## Required action
Beginning with the line that contains "Massimo Dutti Футболка", retype the entries below exactly, ending with the line that contains "Chicago ad agency". Leave out any pictures.

## Materials provided
* * * * * * *
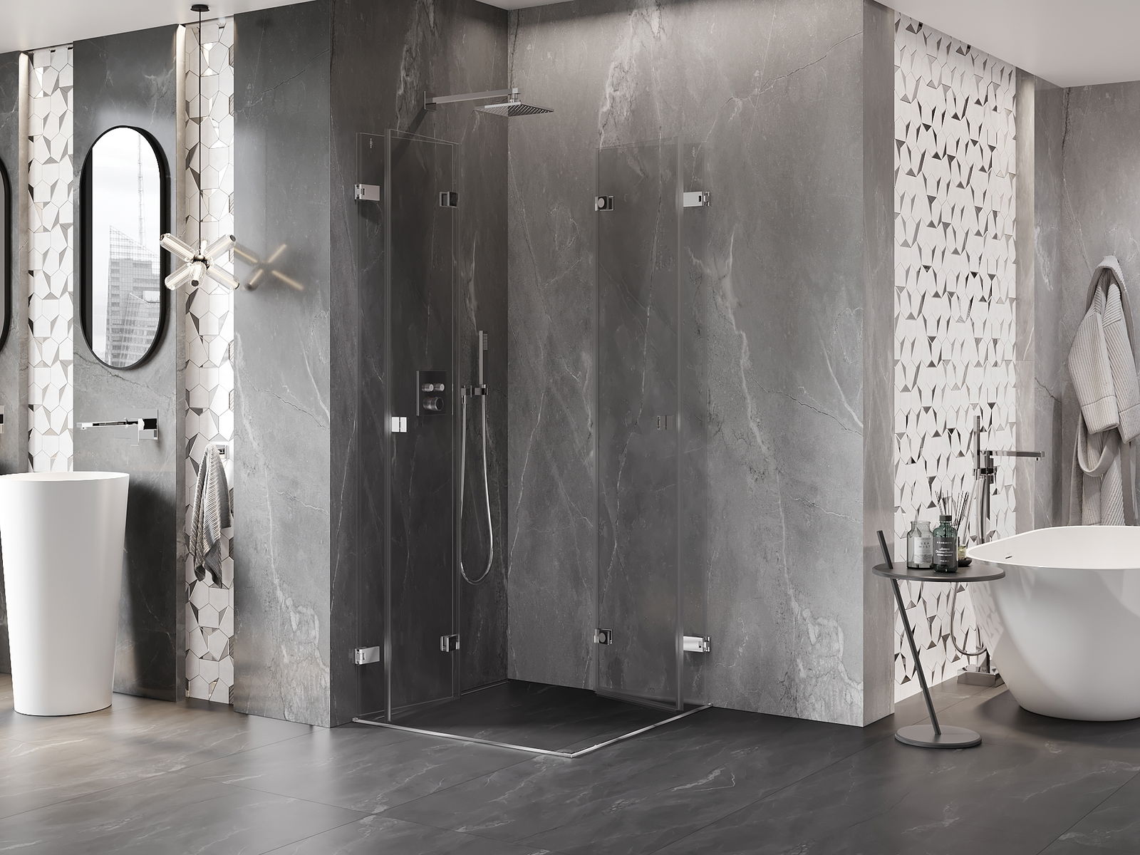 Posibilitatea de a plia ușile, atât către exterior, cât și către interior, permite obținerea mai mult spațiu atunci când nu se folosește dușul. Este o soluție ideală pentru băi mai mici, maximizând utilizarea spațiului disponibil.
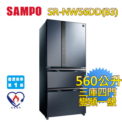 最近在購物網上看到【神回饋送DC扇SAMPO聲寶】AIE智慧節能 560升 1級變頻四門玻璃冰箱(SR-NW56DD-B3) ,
* * * * * * *
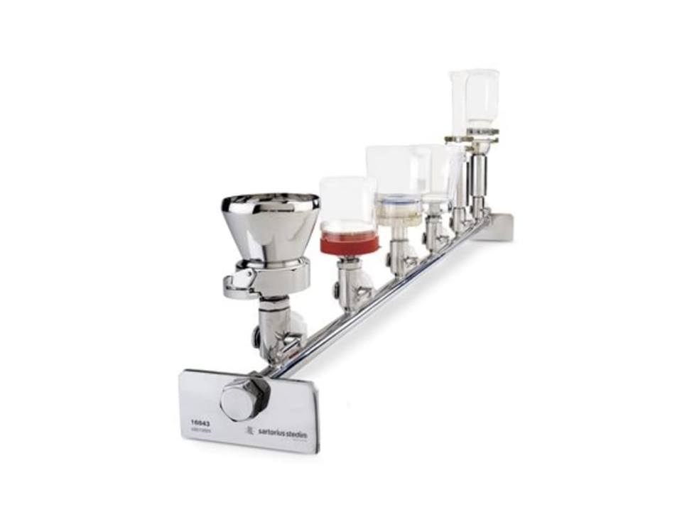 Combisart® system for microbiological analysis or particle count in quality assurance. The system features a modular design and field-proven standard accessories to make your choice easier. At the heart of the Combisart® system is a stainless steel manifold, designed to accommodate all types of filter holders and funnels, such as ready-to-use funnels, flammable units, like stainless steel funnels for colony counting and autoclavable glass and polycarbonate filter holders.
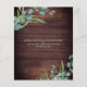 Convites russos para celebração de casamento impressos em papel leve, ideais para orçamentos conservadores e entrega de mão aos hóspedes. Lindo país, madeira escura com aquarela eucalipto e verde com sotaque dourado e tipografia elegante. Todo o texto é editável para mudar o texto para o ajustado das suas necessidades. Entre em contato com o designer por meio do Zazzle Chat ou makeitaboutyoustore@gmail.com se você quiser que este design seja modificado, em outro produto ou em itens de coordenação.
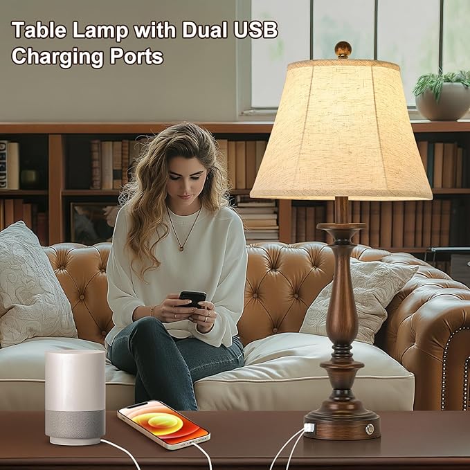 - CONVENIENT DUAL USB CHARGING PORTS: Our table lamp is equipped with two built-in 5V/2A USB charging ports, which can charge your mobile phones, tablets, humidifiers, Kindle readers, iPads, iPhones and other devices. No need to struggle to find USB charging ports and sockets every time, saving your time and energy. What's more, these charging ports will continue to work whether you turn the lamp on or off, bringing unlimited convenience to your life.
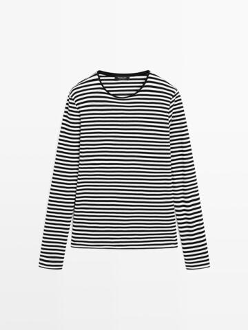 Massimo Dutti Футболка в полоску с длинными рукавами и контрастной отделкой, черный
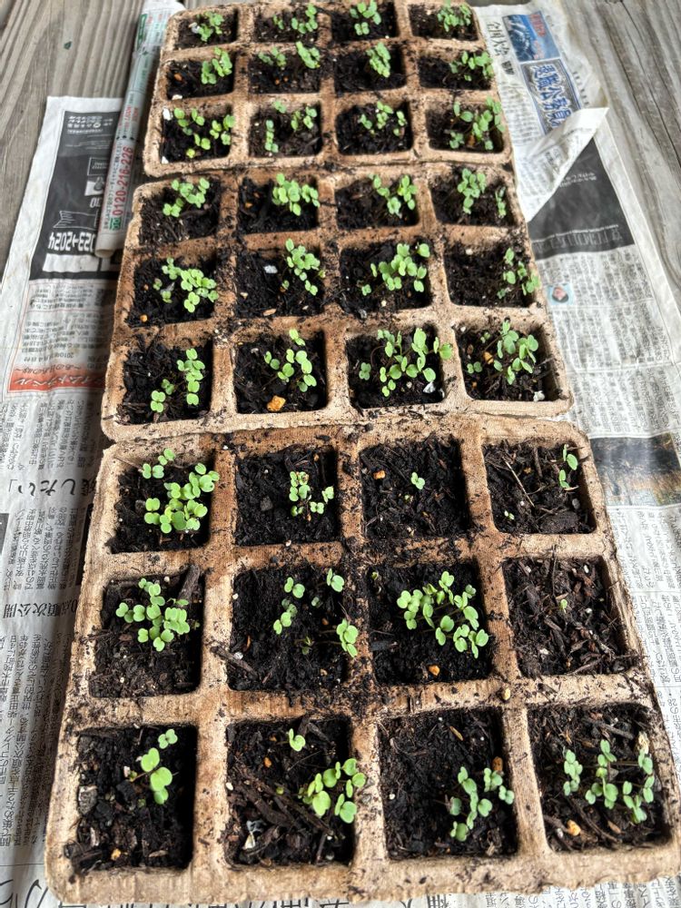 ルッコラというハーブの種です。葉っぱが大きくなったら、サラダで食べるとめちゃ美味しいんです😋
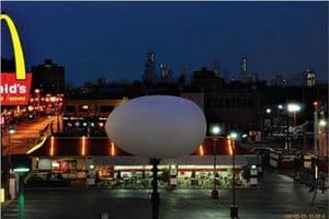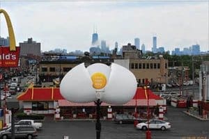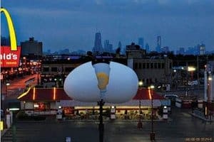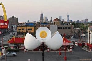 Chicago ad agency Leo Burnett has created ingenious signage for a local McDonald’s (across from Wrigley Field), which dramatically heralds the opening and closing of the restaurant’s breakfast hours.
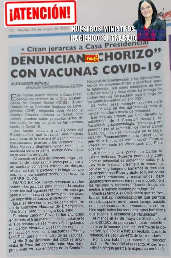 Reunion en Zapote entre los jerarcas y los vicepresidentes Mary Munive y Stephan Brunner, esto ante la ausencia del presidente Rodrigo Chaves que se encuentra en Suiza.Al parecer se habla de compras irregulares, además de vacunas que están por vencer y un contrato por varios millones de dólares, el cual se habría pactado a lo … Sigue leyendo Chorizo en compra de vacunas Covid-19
* * * * * * *
## Response box
 Massimo Dutti Футболка в полоску с длинными рукавами и контрастной отделкой, черный
 ルッコラというハーブの種です。葉っぱが大きくなったら、サラダで食べるとめちゃ美味しいんです😋
 Chicago ad agency Leo Burnett has created ingenious signage for a local McDonald’s (across from Wrigley Field), which dramatically heralds the opening and closing of the restaurant’s breakfast hours.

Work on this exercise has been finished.